Eu era o único que tinha pré-requisitos para conseguir fazê-lo com ênfase, os seguintes: 1) do ponto de vista de Goldschmidt, que me havia imortalizado e que em mim via o seu objecto de admiração; 2) do ponto de vista de eu ser um autor espirituoso; 3) do ponto de vista de não me ter dado com os mais importantes, ou de um modo geral com algum partido; 4) do ponto de vista do virtuosismo pessoal, o de se relacionar com todos; 5) do ponto de vista de um renome até aí brilhante, que literalmente não tivera uma única mancha de crítica ou coisa afim; 6) do ponto de vista de ter reservado altruisticamente dinheiro para ser autor; 7) do ponto de vista de ser solteiro, independente, etc.

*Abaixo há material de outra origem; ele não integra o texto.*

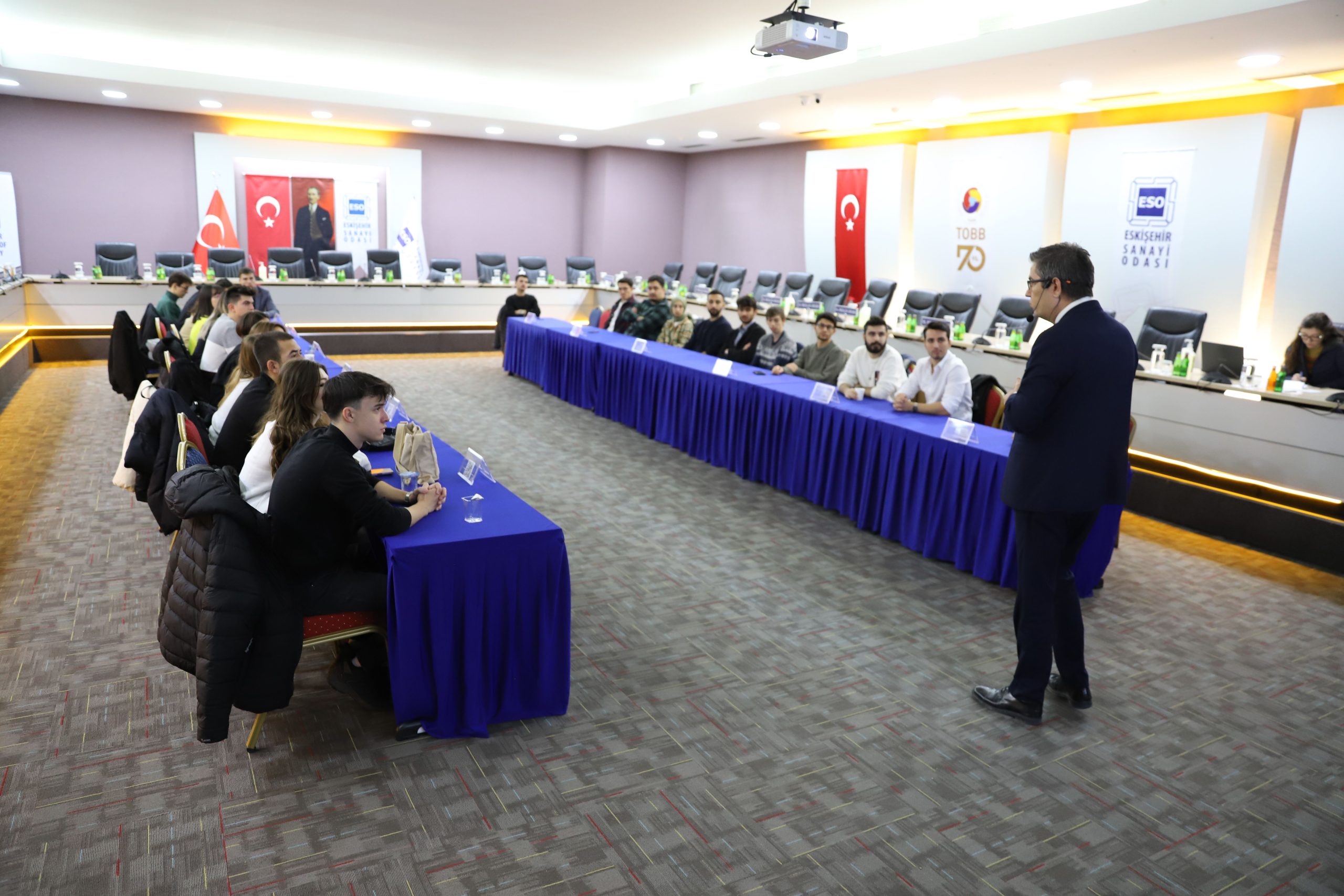 ESO Meclis Salonunda gerçekleştirilen toplantı; ESO Genel Sekreteri Volkan Günaydın ve Eskişehir Osmangazi Üniversitesi’nin 25 farklı öğrenci kulübünün temsilcilerinin katılımlarıyla yapıldı. Toplantının açılışında Eskişehir Sanayi Odası’nın faaliyetleri ve Eskişehir sanayisinin güncel durumu hakkında Genel Sekreter Günaydın tarafından bilgilendirme sunumları yapıldı.

NB17:13, SKS 23, 172.
[16]
 
Repare-se como esta auto-descrição cabe na categoria de recordação de génio imortal, tal como ele próprio fez em relação a Mozart no capítulo do erótico-musical. Tal como Mozart, Kierkegaard foi imortalizado e alvo de admiração – quer ela seja negativa ou positiva; está acima de Scribe – não é simplesmente cómico, domina o Witz, o que o define, nos termos de Friedrich Schlegel, como escritor filosófico, como crítico do que é social, no mais abrangente dos sentidos; é independente de todos os seus contemporâneos; tal como Sócrates, dá-se com todos os sectores da sociedade; a sua condição financeira deixa-o livre de imposições ou cedências impostas por mecenas, igrejas ou família. Em suma, ao contrário de Mynster, o seu valor e as suas virtudes estão inteiramente dedicadas ao serviço da sua virtù como criador, e não se deixam corromper.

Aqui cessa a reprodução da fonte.